▶ WHAT IS EXPECTED
In full and without alteration, print the entries that follow.

▶ INPUT DATA
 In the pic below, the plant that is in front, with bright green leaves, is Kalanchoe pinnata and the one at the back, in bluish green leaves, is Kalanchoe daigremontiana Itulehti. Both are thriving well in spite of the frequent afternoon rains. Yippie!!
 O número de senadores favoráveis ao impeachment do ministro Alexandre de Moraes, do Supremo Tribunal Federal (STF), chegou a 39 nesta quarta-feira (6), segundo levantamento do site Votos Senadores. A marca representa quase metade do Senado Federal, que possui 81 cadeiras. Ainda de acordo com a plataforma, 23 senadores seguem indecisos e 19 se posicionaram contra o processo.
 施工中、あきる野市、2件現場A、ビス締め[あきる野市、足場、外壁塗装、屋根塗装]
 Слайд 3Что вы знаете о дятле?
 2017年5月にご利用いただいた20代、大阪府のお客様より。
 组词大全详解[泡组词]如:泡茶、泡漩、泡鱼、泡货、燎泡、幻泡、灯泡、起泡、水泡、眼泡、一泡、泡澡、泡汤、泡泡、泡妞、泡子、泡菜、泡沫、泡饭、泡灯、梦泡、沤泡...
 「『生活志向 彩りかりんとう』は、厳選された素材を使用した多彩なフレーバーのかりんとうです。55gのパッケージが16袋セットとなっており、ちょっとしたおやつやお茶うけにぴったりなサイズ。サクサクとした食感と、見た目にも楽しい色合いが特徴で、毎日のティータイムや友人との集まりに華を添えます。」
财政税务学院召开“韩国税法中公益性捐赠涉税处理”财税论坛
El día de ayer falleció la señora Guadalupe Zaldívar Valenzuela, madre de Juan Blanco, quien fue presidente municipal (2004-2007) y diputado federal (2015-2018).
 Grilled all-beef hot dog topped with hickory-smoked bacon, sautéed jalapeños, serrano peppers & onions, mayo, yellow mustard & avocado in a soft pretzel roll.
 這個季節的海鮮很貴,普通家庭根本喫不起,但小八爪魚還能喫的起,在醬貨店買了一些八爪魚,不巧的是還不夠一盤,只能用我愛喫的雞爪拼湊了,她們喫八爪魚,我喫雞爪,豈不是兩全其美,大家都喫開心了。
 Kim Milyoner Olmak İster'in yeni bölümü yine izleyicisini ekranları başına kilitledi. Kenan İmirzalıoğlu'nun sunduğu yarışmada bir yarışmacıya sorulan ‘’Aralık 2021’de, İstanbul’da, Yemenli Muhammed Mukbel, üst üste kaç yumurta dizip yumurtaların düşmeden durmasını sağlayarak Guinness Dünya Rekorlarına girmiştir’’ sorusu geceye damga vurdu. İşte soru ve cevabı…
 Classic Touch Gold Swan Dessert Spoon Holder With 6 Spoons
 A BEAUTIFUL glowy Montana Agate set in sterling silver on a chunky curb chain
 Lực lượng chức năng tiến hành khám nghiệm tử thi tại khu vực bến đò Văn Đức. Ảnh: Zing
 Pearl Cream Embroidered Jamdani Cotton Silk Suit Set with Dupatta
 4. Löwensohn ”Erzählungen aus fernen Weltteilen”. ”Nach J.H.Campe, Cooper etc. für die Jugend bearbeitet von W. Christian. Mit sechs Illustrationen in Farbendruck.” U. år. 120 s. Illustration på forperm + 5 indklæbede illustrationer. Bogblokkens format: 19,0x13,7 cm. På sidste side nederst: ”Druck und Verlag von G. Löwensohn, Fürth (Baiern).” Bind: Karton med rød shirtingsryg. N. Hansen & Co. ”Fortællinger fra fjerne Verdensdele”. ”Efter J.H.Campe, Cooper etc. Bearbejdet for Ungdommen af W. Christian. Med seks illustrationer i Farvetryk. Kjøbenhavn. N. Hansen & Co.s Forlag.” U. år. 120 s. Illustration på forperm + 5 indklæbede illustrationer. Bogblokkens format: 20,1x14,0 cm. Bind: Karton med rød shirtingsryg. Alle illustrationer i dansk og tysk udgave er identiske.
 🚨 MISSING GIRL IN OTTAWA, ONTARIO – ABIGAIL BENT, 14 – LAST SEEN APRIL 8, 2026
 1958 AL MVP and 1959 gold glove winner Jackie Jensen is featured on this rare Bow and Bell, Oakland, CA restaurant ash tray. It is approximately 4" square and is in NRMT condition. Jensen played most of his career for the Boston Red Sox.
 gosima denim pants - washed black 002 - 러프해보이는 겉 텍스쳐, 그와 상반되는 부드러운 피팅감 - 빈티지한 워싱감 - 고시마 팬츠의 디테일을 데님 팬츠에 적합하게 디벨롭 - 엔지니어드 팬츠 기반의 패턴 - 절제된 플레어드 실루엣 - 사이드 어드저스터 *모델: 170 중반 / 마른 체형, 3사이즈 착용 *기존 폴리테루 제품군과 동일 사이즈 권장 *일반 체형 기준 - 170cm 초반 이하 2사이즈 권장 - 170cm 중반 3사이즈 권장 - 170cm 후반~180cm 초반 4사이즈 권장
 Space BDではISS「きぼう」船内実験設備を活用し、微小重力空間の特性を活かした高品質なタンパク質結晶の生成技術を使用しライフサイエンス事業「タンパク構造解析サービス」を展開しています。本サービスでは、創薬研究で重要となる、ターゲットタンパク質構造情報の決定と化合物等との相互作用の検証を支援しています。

▶ SOLUTION
 In the pic below, the plant that is in front, with bright green leaves, is Kalanchoe pinnata and the one at the back, in bluish green leaves, is Kalanchoe daigremontiana Itulehti. Both are thriving well in spite of the frequent afternoon rains. Yippie!!
 O número de senadores favoráveis ao impeachment do ministro Alexandre de Moraes, do Supremo Tribunal Federal (STF), chegou a 39 nesta quarta-feira (6), segundo levantamento do site Votos Senadores. A marca representa quase metade do Senado Federal, que possui 81 cadeiras. Ainda de acordo com a plataforma, 23 senadores seguem indecisos e 19 se posicionaram contra o processo.
 施工中、あきる野市、2件現場A、ビス締め[あきる野市、足場、外壁塗装、屋根塗装]
 Слайд 3Что вы знаете о дятле?
 2017年5月にご利用いただいた20代、大阪府のお客様より。
 组词大全详解[泡组词]如:泡茶、泡漩、泡鱼、泡货、燎泡、幻泡、灯泡、起泡、水泡、眼泡、一泡、泡澡、泡汤、泡泡、泡妞、泡子、泡菜、泡沫、泡饭、泡灯、梦泡、沤泡...
 「『生活志向 彩りかりんとう』は、厳選された素材を使用した多彩なフレーバーのかりんとうです。55gのパッケージが16袋セットとなっており、ちょっとしたおやつやお茶うけにぴったりなサイズ。サクサクとした食感と、見た目にも楽しい色合いが特徴で、毎日のティータイムや友人との集まりに華を添えます。」
财政税务学院召开“韩国税法中公益性捐赠涉税处理”财税论坛
El día de ayer falleció la señora Guadalupe Zaldívar Valenzuela, madre de Juan Blanco, quien fue presidente municipal (2004-2007) y diputado federal (2015-2018).
 Grilled all-beef hot dog topped with hickory-smoked bacon, sautéed jalapeños, serrano peppers & onions, mayo, yellow mustard & avocado in a soft pretzel roll.
 這個季節的海鮮很貴,普通家庭根本喫不起,但小八爪魚還能喫的起,在醬貨店買了一些八爪魚,不巧的是還不夠一盤,只能用我愛喫的雞爪拼湊了,她們喫八爪魚,我喫雞爪,豈不是兩全其美,大家都喫開心了。
 Kim Milyoner Olmak İster'in yeni bölümü yine izleyicisini ekranları başına kilitledi. Kenan İmirzalıoğlu'nun sunduğu yarışmada bir yarışmacıya sorulan ‘’Aralık 2021’de, İstanbul’da, Yemenli Muhammed Mukbel, üst üste kaç yumurta dizip yumurtaların düşmeden durmasını sağlayarak Guinness Dünya Rekorlarına girmiştir’’ sorusu geceye damga vurdu. İşte soru ve cevabı…
 Classic Touch Gold Swan Dessert Spoon Holder With 6 Spoons
 A BEAUTIFUL glowy Montana Agate set in sterling silver on a chunky curb chain
 Lực lượng chức năng tiến hành khám nghiệm tử thi tại khu vực bến đò Văn Đức. Ảnh: Zing
 Pearl Cream Embroidered Jamdani Cotton Silk Suit Set with Dupatta
 4. Löwensohn ”Erzählungen aus fernen Weltteilen”. ”Nach J.H.Campe, Cooper etc. für die Jugend bearbeitet von W. Christian. Mit sechs Illustrationen in Farbendruck.” U. år. 120 s. Illustration på forperm + 5 indklæbede illustrationer. Bogblokkens format: 19,0x13,7 cm. På sidste side nederst: ”Druck und Verlag von G. Löwensohn, Fürth (Baiern).” Bind: Karton med rød shirtingsryg. N. Hansen & Co. ”Fortællinger fra fjerne Verdensdele”. ”Efter J.H.Campe, Cooper etc. Bearbejdet for Ungdommen af W. Christian. Med seks illustrationer i Farvetryk. Kjøbenhavn. N. Hansen & Co.s Forlag.” U. år. 120 s. Illustration på forperm + 5 indklæbede illustrationer. Bogblokkens format: 20,1x14,0 cm. Bind: Karton med rød shirtingsryg. Alle illustrationer i dansk og tysk udgave er identiske.
 🚨 MISSING GIRL IN OTTAWA, ONTARIO – ABIGAIL BENT, 14 – LAST SEEN APRIL 8, 2026
 1958 AL MVP and 1959 gold glove winner Jackie Jensen is featured on this rare Bow and Bell, Oakland, CA restaurant ash tray. It is approximately 4" square and is in NRMT condition. Jensen played most of his career for the Boston Red Sox.
 gosima denim pants - washed black 002 - 러프해보이는 겉 텍스쳐, 그와 상반되는 부드러운 피팅감 - 빈티지한 워싱감 - 고시마 팬츠의 디테일을 데님 팬츠에 적합하게 디벨롭 - 엔지니어드 팬츠 기반의 패턴 - 절제된 플레어드 실루엣 - 사이드 어드저스터 *모델: 170 중반 / 마른 체형, 3사이즈 착용 *기존 폴리테루 제품군과 동일 사이즈 권장 *일반 체형 기준 - 170cm 초반 이하 2사이즈 권장 - 170cm 중반 3사이즈 권장 - 170cm 후반~180cm 초반 4사이즈 권장
 Space BDではISS「きぼう」船内実験設備を活用し、微小重力空間の特性を活かした高品質なタンパク質結晶の生成技術を使用しライフサイエンス事業「タンパク構造解析サービス」を展開しています。本サービスでは、創薬研究で重要となる、ターゲットタンパク質構造情報の決定と化合物等との相互作用の検証を支援しています。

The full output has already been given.